CNA takes on Sutter’s greed
NURSES AT Summit Medical Center in Oakland walked the picket lines as part of a one-day strike on June 13. The action was the fourth in a series of one-day strikes during the past year due to stalled negotiations over a number of concessions demanded by Sutter Health hospitals around the Bay Area.
Sutter Health has raked in a whopping $4.2 billion in profits since 2005, yet Sutter executives want to squeeze even more out of their workers. Additional out-of-pocket expenses for health care, a two-tier wage scale that would pay new hires $18 an hour less than current nurses, and, audaciously, the elimination of paid sick leave are among the givebacks Sutter hospitals have been asking for.
In addition to these economic concessions, the company expects nurses to agree to a number of reductions in working standards that would diminish their capacity to advocate for patients.
The nurses' response? "When Summit says give back, we say fight back!" was a popular chant on the spirited picket line.
The nurses are represented by the California Nurses Association (CNA). They know this struggle is as much about protecting their patients as it is defending their own standard of living. Sutter hospitals have also been cutting services to the communities they serve. According to a CNA press release, these cuts to social services include:
-- End breast cancer screening for women with disabilities and most bone marrow transplant services for cancer patients at Alta Bates Summit in Oakland and Berkeley.
Close specialized pediatric care, acute rehabilitation, dialysis, and skilled nursing care services at Mills and Peninsula hospitals in Burlingame and San Mateo.

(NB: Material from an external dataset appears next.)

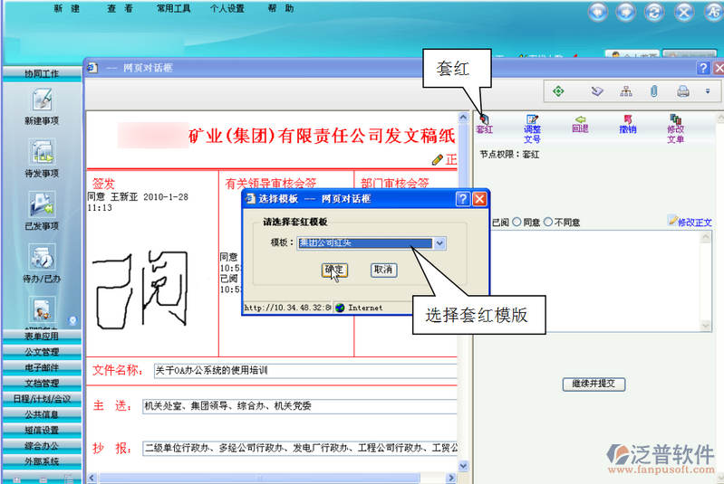 公文編號(hào)后,公文流程返回發(fā)起者,進(jìn)入處理界面,修改發(fā)文卡片上的印發(fā)日期,印發(fā)份數(shù),在處理界面上選擇套紅→選擇相應(yīng)的套紅模版。如下圖:

Close acute rehabilitation services, skilled nursing care, and psychiatric services, and substantially downgrade nursery care for sick children at Eden Hospital in Castro Valley.
Close a birthing center at Sutter Auburn Faith, forcing new mothers and families to travel up to 100 miles for obstetrics care.
Meanwhile, Sutter is paying 21 top executives salaries of more $1 million a year, some of whom have received raises of up to 206 percent in the past four years. The CEO himself received a 183 percent pay increase over five years.
In the words of Leslie Blanchard, one of the striking nurses:
Sutter is not good for patients. They said in the Sacramento Bee that the reason top executives get highly paid is to attract talent. Well, the same is true of nurses. Delivering patient care is complicated; it's much more involved than 10 or 20 years ago. You need qualified nurses and you need to treat them well.
AT AN afternoon rally that drew a crowd of 100 nurses and supporters, Martha Kuhl, a nurse and CNA official, accused Sutter of taking advantage of the economic climate to attack unions and impose austerity.
"We are a line of defense," Kuhl said. "We are part of a more important struggle, and remember, we can win if workers stick together." She reminded the crowd that the CNA along with National Nurses United (NNU) has been calling for a "Robin Hood" tax on financial transactions that could raise tens of billions each year in the U.S. for health care, jobs and education.
The highlight of the campaign so far was a 3,000-strong march during the NATO summit in Chicago last month, and it will continue locally with a rally in San Francisco on Tuesday, June 19, at JP Morgan Chase.
"The real solution to all this of course is Medicare for all," added Kuhl. To that end, the CNA, the NNU and the Campaign for a Healthy California are jointly organizing a Medicare For All Bus Tour that departs June 19 and will visit 20 California cities on July 13.
Nurses' morale remains high even though the fight against Sutter has been dragging on for more than a year. "If you want to know how long we'll be out here, we'll be out here until we get a contract," said nurse Millie Borland. "This is the biggest line I've seen so far. We are building momentum."
Recently, two Northern California hospitals in the Sutter chain have backed down by taking concessions off the table. Those facilities now have contracts and serve as a beacon for those still in the battle at Summit and other area hospitals.